The relevant background, as stated in the Joint Stipulation of Uncontested Facts, is this: Robert and Lynne Weedling filed for bankruptcy protection in 1992. PNC held two promissory notes (for $2,000,000 and $300,000) issued by the Weedlings and secured by mortgages on the Weedlings' properties. As part of the bankruptcy proceedings, an Amended Disclosure Statement and Plan of Reorganization (the "Amended Plan") was filed by the Weedlings and confirmed by the Bankruptcy Court in 1996. This Amended Plan provided PNC with secured liens on certain residential properties owned by the Weedlings and their son and daughter-in-law (who are also parties to these appeals) limited to a total principal sum of $130,000 to be amortized over a 20 year period. The liens were to be secured by new mortgages with the same lien priority as the existing mortgages. Neither the Weedlings nor PNC ever prepared or executed any promissory notes, mortgages, or other documents to effect the provisions of the Amended Plan. In 1998, the Weedlings filed an action against in the Court of Common Pleas of Northampton County, Pennsylvania against PNC; that action was dismissed in 1999 for lack of jurisdiction. Also in 1999, PNC sent notices to the Weedlings of its intent to enforce collection of debts owed to it, whereupon the Weedlings successfully moved to reopen the Bankruptcy case and commenced an adversary proceeding.
At trial before Judge Twardowski, the Weedlings contended that PNC was responsible for providing new mortgage documents, that it had failed to do so, and that the failure caused damage to the Weedlings by, among other things, interfering with their ability to secure credit for a new business. Judge Twardowski's November 6, 2003 order entered judgment in favor of PNC because "no actions on the part of the Defendant constituted the proximate cause of any alleged loss to Plaintiffs; and (b) Plaintiffs were at least equally at fault in perpetuating the impasse" after confirmation of the Amended Plan. Judge Twardowski also ordered that "each party shall bear their/its own costs and counsel fees" in the action. The Weedlings appeal the ruling against them on the merits, and PNC cross-appeals for counsel fees.
The Weedlings' appeal does not provide any basis for reversing the determination of the Bankruptcy Court. The Weedlings state the evidence in manner most favorable to their cause; the Bankruptcy Court, which heard from the witnesses, was entitled to conclude that the Weedlings did not prove that any actions by PNC Bank caused them any loss and that they were equally responsible for keeping the mortgage process at a standstill.
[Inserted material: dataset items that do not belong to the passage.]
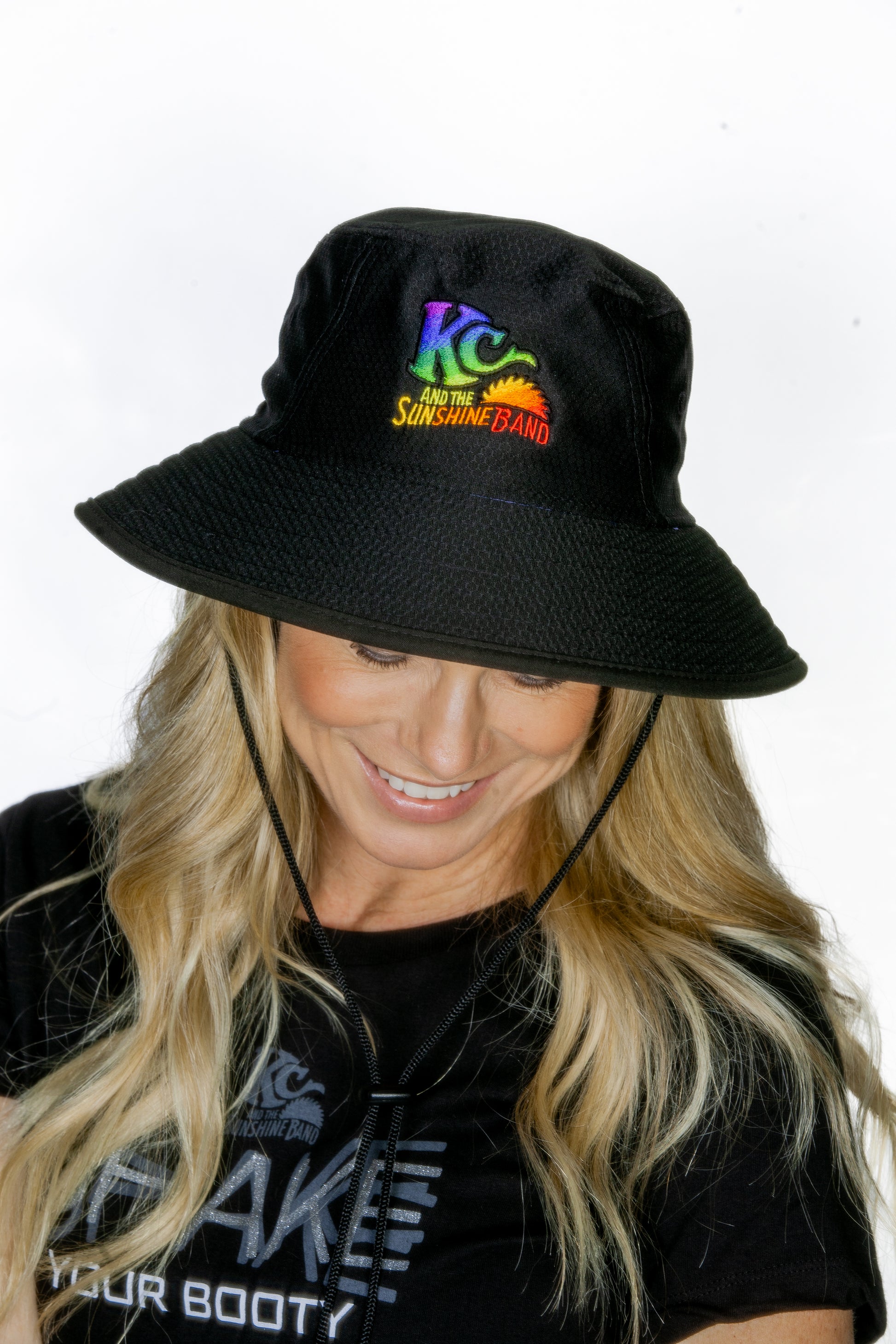 Black Sun Hat with color KC & the Sunshine Band logo, drawstring chin strap.
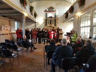Das Konzert konnte etwas zeitversetzt beginnen; da die neuen Chormitglieder unsere kleine Kirche erst finden mussten. Das Konzert begann mit den Volksweisen „Fröhliche Weihnacht überall“ und „Alle Jahre wieder“ unter der bewährten Leitung von Dirigent Herr Holger Kühne.Mit dem deutschsprachigen Adventslied „Maria durch ein Dornwald ging“; das aus dem Eichsfeld stammt und 1850 erstmals publiziert wurde, erklang ein christliches Adventslied. Auch das vielfach gecoverten Weihnachtslied „Marys Boy Child” von Jester Joseph Hairston (schon im Jahr 1956 komponiert) wurde zu Gehör gebracht.
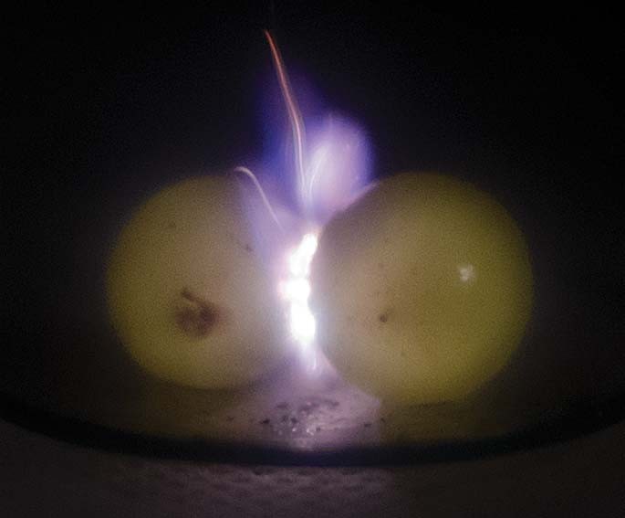 포도를 반으로 자른 뒤 전자레인지에 넣으면

The trial evidence supports this conclusion. Robert Weedling acknowledged that the order confirming the Amended Plan did not direct PNC to follow-up with the mortgage. See N.T. of 5/16/03 trial at 54-58. Neither party was delegated the responsibility, and just as Robert Weedling testified that he believed PNC was in the better position to issue the loan documents, PNC's representative, Michael Valerio, testified to his understanding that having the Weedlings prepare the documents would limit PNC's cost.See id. 126. Thus, it was entirely reasonable for the Bankruptcy Court to conclude that both sides were equally responsible for the procedural stalemate.
In its cross-appeal, PNC contends that the Bankruptcy Court erred in not awarding counsel fees. It bases its argument on a stipulation entered into by the parties and approved by the Bankruptcy Court in August 2003, after the trial, but before the decision. The stipulation primarily dealt with the establishment of an escrow account, but one sentence stated that "[b]oth parties reserve the right to petition for legal fees at the conclusion of this case." Stip. of 8/15/03 at ¶ 3. According to PNC, this sentence meant that the parties contemplated an award of fees. Even if this were so, PNC overlooks several salient facts. First, PNC never filed a petition for fees in the Bankruptcy Court (and a review of the transcript reveals no mention of fees at trial). Second, even if PNC had requested fees, the stipulation was ambiguous as to whether it constituted a "loser pays" agreement — the stipulation simply recited that both parties (not, it should be noted, the "prevailing party") could petition for fees. The discretion to grant or deny such a petition (had one been filed) rested with the Bankruptcy Court. Finally, although PNC mentions section 506(b) of the Bankruptcy Code, it does not present any argument that the section applies to adversary proceedings such as the one instituted by the Weedlings. The cross-appeal is also denied.
An appropriate Order follows.
ORDER
AND NOW, this day of October, 2004, upon consideration of the appeals in these actions, and after review of the record,It IS hereby ORDERED that the Order of the Bankruptcy Court dated November 6, 2003 is AFFIRMED. The appeals are DISMISSED and the Clerk is directed to mark both actions CLOSED.